Project

General

Profile

Actions

Feature #4194

closed

[Keep] consistent logging for keepstore requests

Added by Tim Pierce over 9 years ago. Updated over 9 years ago.

Status:
Resolved
Priority:
Normal
Assigned To:
Radhika Chippada
Category:
Keep
Target version:
Story points:
2.5

Description

Currently, each handler is expected to implement its own logging. As a result, log formats are inconsistent, handlers get written without any logs at all, and at best there is much code repetition.

Instead, the router should implement a generic request/response logging system with the following features.
  • Every transaction uses the same format, e.g., "ipaddr resp_status resp_size elapsed uri err"
  • Individual handlers do not worry about logging or returning error codes -- they just set the response status using http.Error(), http.StatusOK, etc., and let the logging system figure out what to say by inspecting the request and response objects.
Implementation:
  • Perhaps this:
    •     // Tell the built-in HTTP server to direct all requests to the REST
          // router.
          http.Handle("/", MakeRESTRouter())
      
  • ...can be replaced with something like this?
    •     // The built-in HTTP server will pass each request to this function,
          // which forwards the request to the REST router and logs the outcome.
          router := MakeRESTRouter()
          http.HandleFunc("/", func(resp ResponseWriter, req *Request) {
              router.ServeHTTP(resp, req)
              // log stuff here!
          })
      

Subtasks 1 (0 open1 closed)

Task #4542: Review branch: 4194-keep-loggingResolvedTim Pierce11/16/2014Actions
Actions #1

Updated by Tim Pierce over 9 years ago

  • Tracker changed from Bug to Feature
  • Category set to Keep
  • Assigned To set to Tim Pierce
  • Story points set to 0.5

Keepstore logging has been made very consistent for GET and PUT requests. We should update /index and /status requests to log similarly.

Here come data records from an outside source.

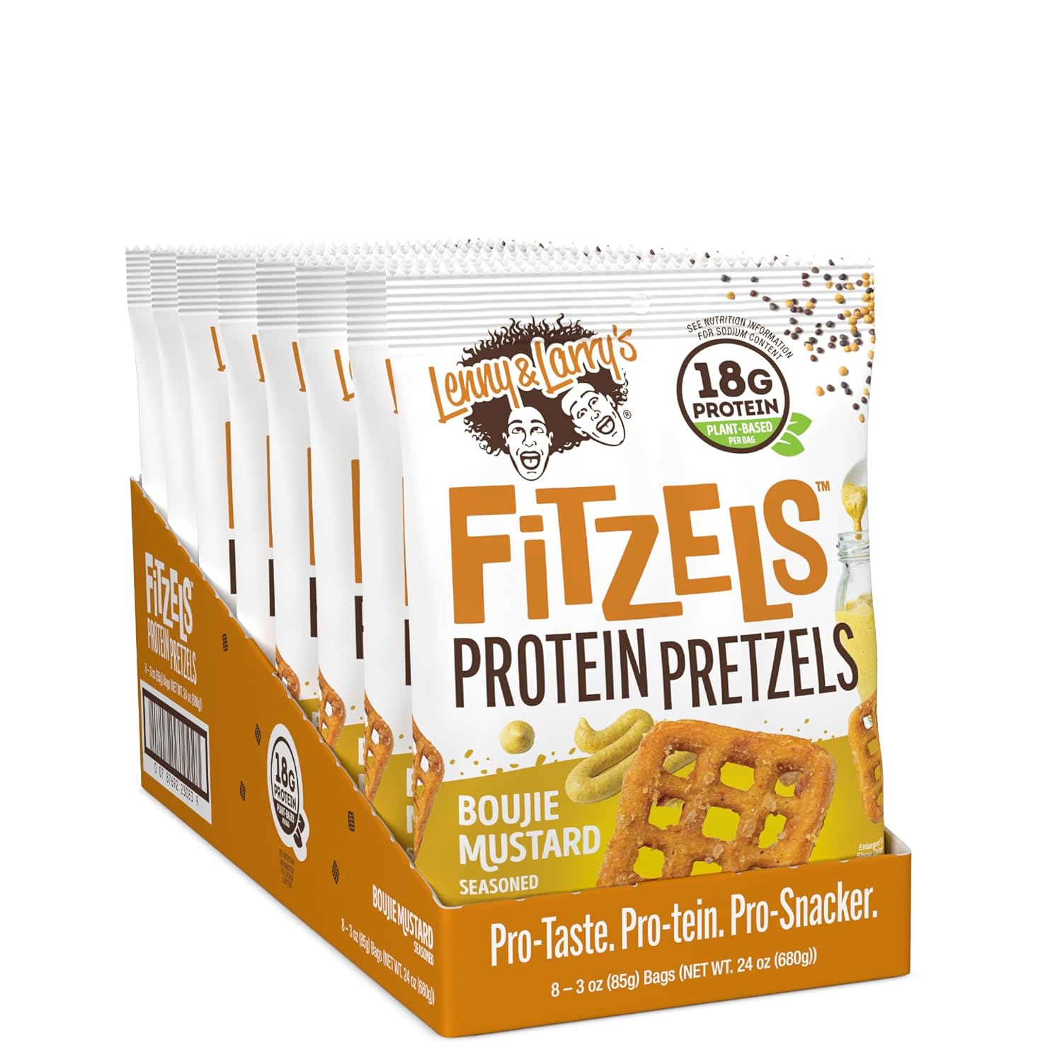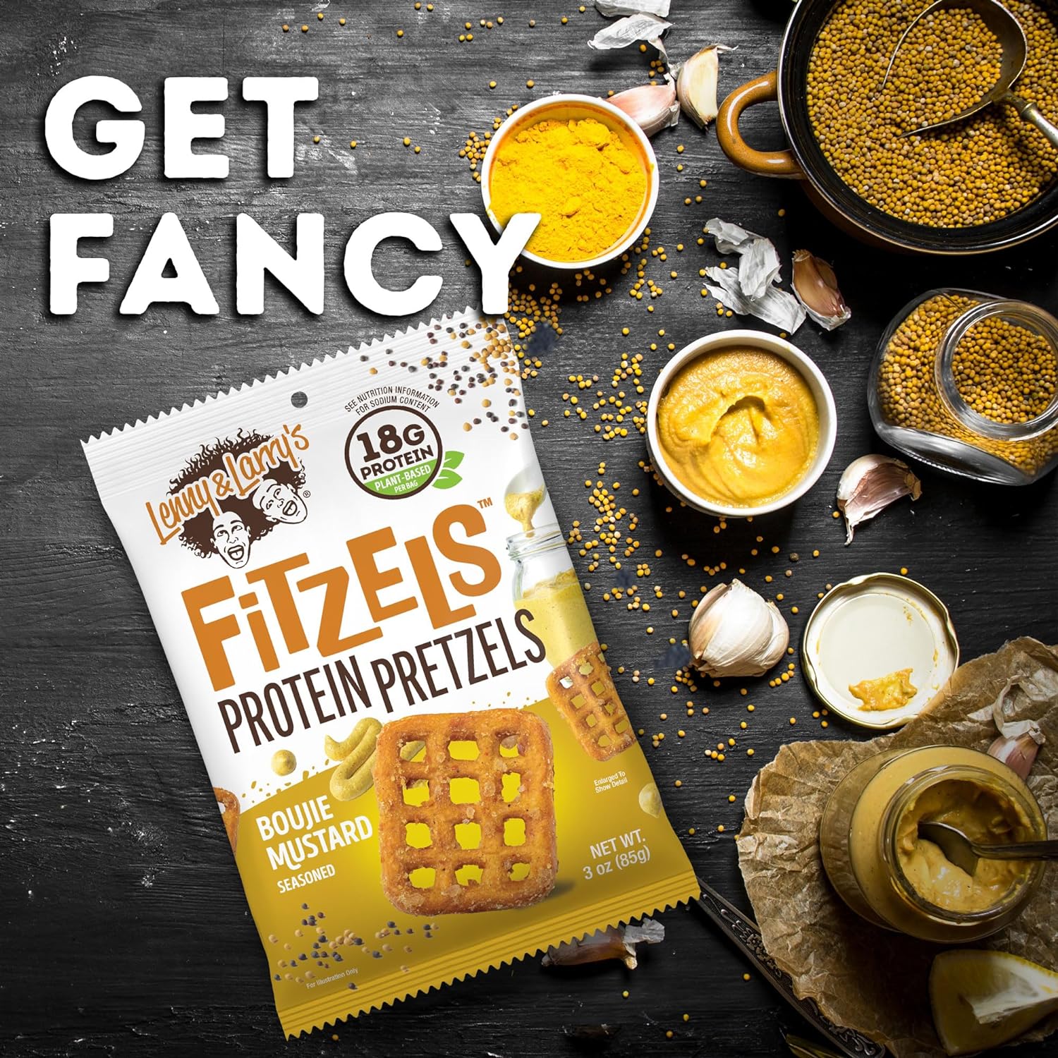 Fitness + Pretzels = FITZELS. It’s a snack. It’s a meal. FITZELS are an incredibly delicious, high protein pretzel that is so much better than a chip, both for you and tasting!Get fit with 18g of plant-based protein per bag. Made from simple ingredients, FITZELS are a convenient on-the-go source of protein for wherever your snacking desires take youGet fancy with our Bougie Mustard with a peppery mustard seasoning that’s got a bit of a horseradish flavor with a mild heat, think Chinese Hot Mustard! Absolutely deliciously savory. Pinky’s Up!We went on a quest to create the tastiest, yummiest, most protein dense salty snack on the market! The result? FITZELS are Certified Vegan & Kosher and offer bold flavor for everyone!Each box has 8-3oz bags and 18g protein per bag, Vegan, Kosher, No soy ingredients, No high fructose corn syrup, No artificial sweeteners, 0g sugar alcoholsSalty, Savory, Delicious, Addictive, Better than high protein chips we guarantee it! Our Fit-Pretzles contain 18g protein per bag, and are Vegan, Kosher, No soy ingredients, No high fructose corn syrup, No artificial sweeteners, 0g sugar alcohols. Even we grow tired sometimes of the standard answer to a snack thats a reliable source of protein. We made it a goal to create an alternative to the "meh" protien chips that are the salty go to of the moment. We wanted to make it tastier, different and full of that Lenny & Larry's inquisitive spritit you are used to, and we deliver big time. We can't wait for you to try these, we have never been more proud of our baking quest to bring you a protein snack that tastes like its not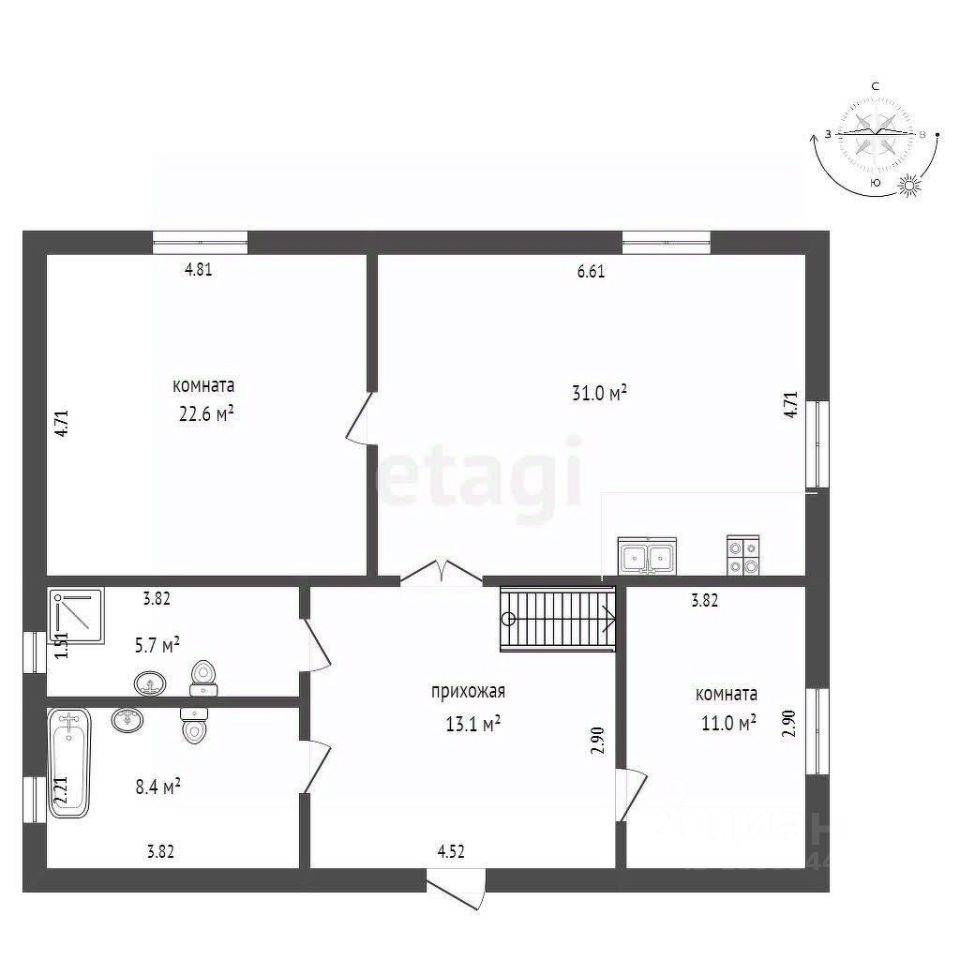 Дом состоит из двух этажей. На первом этаже вас ждут: светлая спальня 11 м², просторная кухня-гостиная 31,1 м² в которой вы можете собраться большой семьёй или компанией друзей, уютная детская комната 22,6 м², а также ванная 6,4 м² и туалет 5,7 м². Второй этаж с площадью 101,3 м² имеет свободную планировку, что позволяет вам организовать пространство по своему вкусу — будь то кабинет или игровая зона для детей.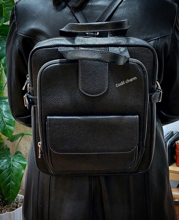 کوله پشتی ۳کاره تولید از چرم طبیعی و یراق فلز مرغوب جا دار و زیبا و بسیار خوش دست دارای بند بلند که هم به صورت کوله و هم به صورت روی دوش میتوان استفاده کرد و با کارت اصالت محصول و گارانتی تحویل داده میشود

Keepstore should also support a verbose or debugging logging mode that logs authentication failures, to make it easier to debug problems with data manager tokens etc.

Actions #2

Updated by Tom Clegg over 9 years ago

  • Description updated (diff)
Actions #3

Updated by Tim Pierce over 9 years ago

  • Target version changed from 2014-10-29 sprint to Arvados Future Sprints
Actions #4

Updated by Tom Clegg over 9 years ago

  • Assigned To deleted (Tim Pierce)
Actions #5

Updated by Tom Clegg over 9 years ago

  • Target version changed from Arvados Future Sprints to 2014-11-19 sprint
Actions #6

Updated by Tom Clegg over 9 years ago

  • Story points changed from 0.5 to 1.0
Actions #7

Updated by Tom Clegg over 9 years ago

  • Assigned To set to Radhika Chippada
Actions #8

Updated by Ward Vandewege over 9 years ago

  • Story points changed from 1.0 to 2.5
Actions #9

Updated by Tom Clegg over 9 years ago

ResponseWriter doesn't let you read the response status code later, but you could wrap it with a LoggingResponseWriter that does:

https://groups.google.com/forum/#!topic/golang-nuts/fxUz5WK6Hek

Actions #10

Updated by Tom Clegg over 9 years ago

  • Subject changed from [Keep] consistent logging for Keep requests to [Keep] consistent logging for keepstore requests
Actions #11

Updated by Tim Pierce over 9 years ago

Capturing the informal review we just did face-to-face at d4224bfe:

  • The WrapRESTRouter code could wrap the mux.Router directly inside MakeRESTRouter, and remove the need for any other code to know it needs to wrap the router in order to add logging.
  • The loggingWriter should make a copy of the data that it's being passed and not just store a reference to the slice. If we only care about the first 200 bytes of the response anyway, this could be something like:
type LoggingResponseWriter struct {
    data bytes.Buffer
    status int
    http.ResponseWriter
}

func (w *LoggingResponseWriter) Write(data []bytes) {
    if w.data.Len() < 200 {
        w.Write(data)
    }
    w.ResponseWriter.Write(data)
}

I had some worries about the way this code embeds http.ResponseWriter but after reviewing the docs more closely I'm comfortable that you're right. That's a nice approach.

Actions #12

Updated by Tim Pierce over 9 years ago

Reviewing at 0e5dfbb

This looks great. A couple of suggestions for organizing the code:

Let's put router_wrapper.go into its own package:
  • say, services/keepstore/router (so it can be imported as git.curoverse.com/arvados.git/services/keepstore/router
  • call the router type LoggingRouter instead of RESTRouterWrapper
  • rename MakeRESTRouterWrapper to New (so a program which has imported the router package invokes it as router.New()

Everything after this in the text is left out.